- WORK REQUEST -
Once you find the line with "流式细胞术分析: 0.06 µg该抗体在100万个C57BI/6骨髓细胞中检测到CD117。" in the entries below, print it and each line after it up to and including the line with "Krieg kann banal", exactly, without pictures.

- LISTED ENTRIES -
◆ ◆ ◆ ◆ ◆ ◆ ◆

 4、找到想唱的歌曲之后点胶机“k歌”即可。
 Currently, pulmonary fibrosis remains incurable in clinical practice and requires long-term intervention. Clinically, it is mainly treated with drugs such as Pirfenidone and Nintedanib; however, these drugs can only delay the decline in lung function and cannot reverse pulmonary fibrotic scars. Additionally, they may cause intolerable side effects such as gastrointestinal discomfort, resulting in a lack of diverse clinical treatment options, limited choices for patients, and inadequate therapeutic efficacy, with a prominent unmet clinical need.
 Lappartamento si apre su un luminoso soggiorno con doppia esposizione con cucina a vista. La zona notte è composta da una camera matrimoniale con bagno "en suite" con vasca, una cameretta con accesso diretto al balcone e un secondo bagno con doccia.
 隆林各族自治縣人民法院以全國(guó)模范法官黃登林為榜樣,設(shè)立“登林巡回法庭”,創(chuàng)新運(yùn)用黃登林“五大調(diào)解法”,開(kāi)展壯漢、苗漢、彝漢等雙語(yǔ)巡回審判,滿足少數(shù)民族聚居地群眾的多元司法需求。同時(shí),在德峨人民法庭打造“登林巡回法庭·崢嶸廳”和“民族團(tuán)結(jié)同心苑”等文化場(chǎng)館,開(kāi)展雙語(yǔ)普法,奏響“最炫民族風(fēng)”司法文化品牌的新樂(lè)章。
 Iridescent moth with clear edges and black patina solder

◆ ◆ ◆ ◆ ◆ ◆ ◆

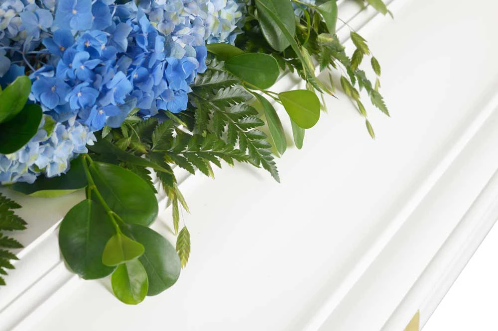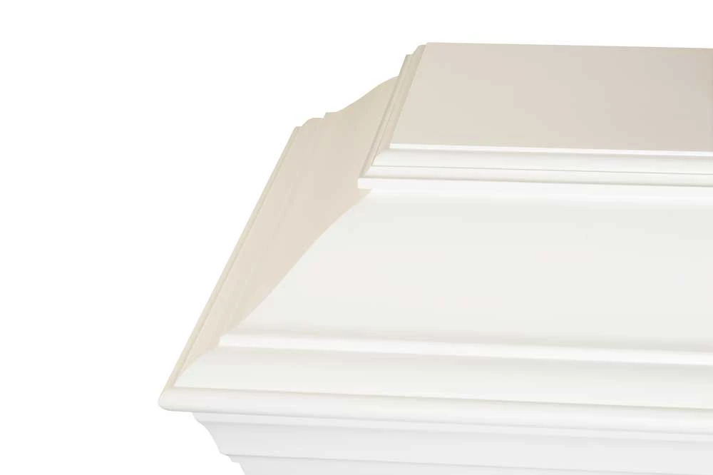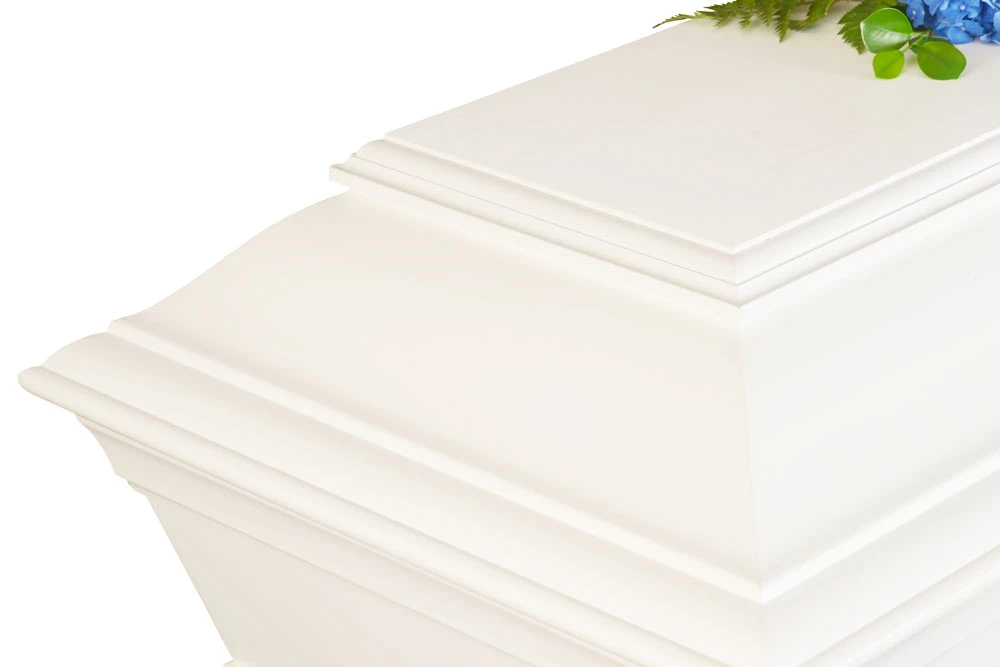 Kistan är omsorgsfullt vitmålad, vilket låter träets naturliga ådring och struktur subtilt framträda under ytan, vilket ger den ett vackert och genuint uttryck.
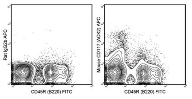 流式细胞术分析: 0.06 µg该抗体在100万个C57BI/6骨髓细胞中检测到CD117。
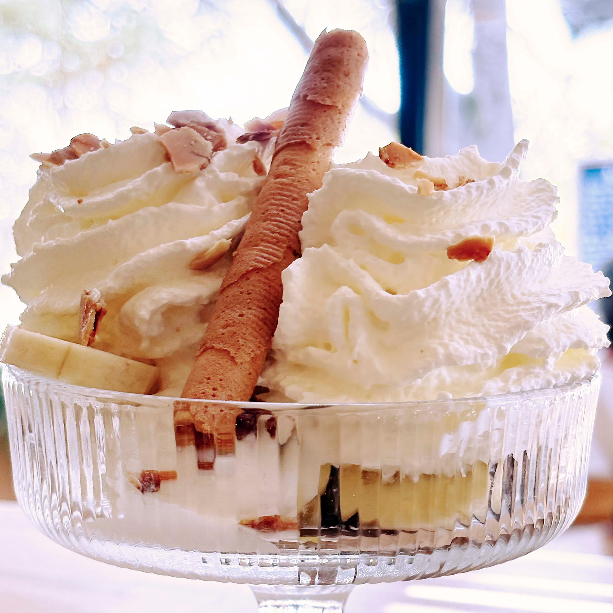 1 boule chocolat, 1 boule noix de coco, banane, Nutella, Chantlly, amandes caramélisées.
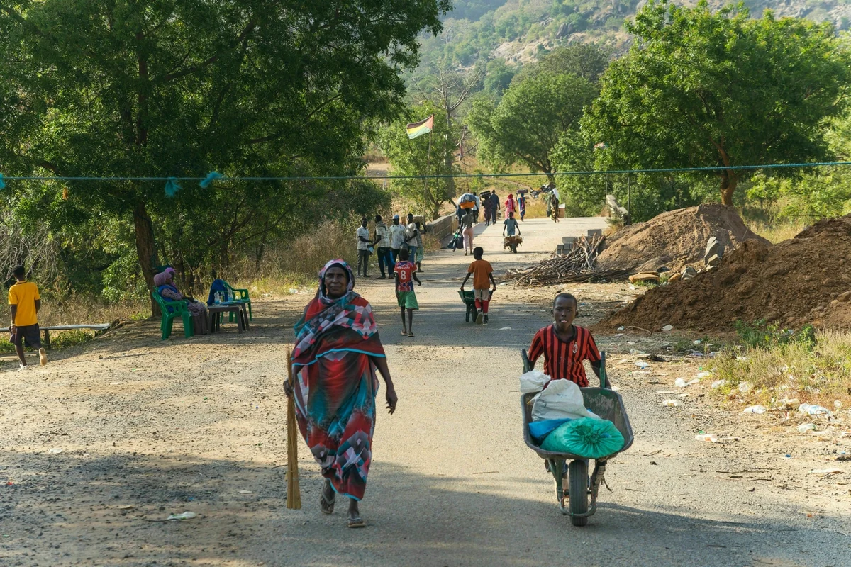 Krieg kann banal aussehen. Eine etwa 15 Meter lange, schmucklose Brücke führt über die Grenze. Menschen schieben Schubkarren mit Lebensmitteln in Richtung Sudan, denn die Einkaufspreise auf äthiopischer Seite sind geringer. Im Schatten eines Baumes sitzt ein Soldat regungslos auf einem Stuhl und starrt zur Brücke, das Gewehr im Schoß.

◆ ◆ ◆ ◆ ◆ ◆ ◆

- TASK RESULT -
 流式细胞术分析: 0.06 µg该抗体在100万个C57BI/6骨髓细胞中检测到CD117。
 1 boule chocolat, 1 boule noix de coco, banane, Nutella, Chantlly, amandes caramélisées.
 Krieg kann banal aussehen. Eine etwa 15 Meter lange, schmucklose Brücke führt über die Grenze. Menschen schieben Schubkarren mit Lebensmitteln in Richtung Sudan, denn die Einkaufspreise auf äthiopischer Seite sind geringer. Im Schatten eines Baumes sitzt ein Soldat regungslos auf einem Stuhl und starrt zur Brücke, das Gewehr im Schoß.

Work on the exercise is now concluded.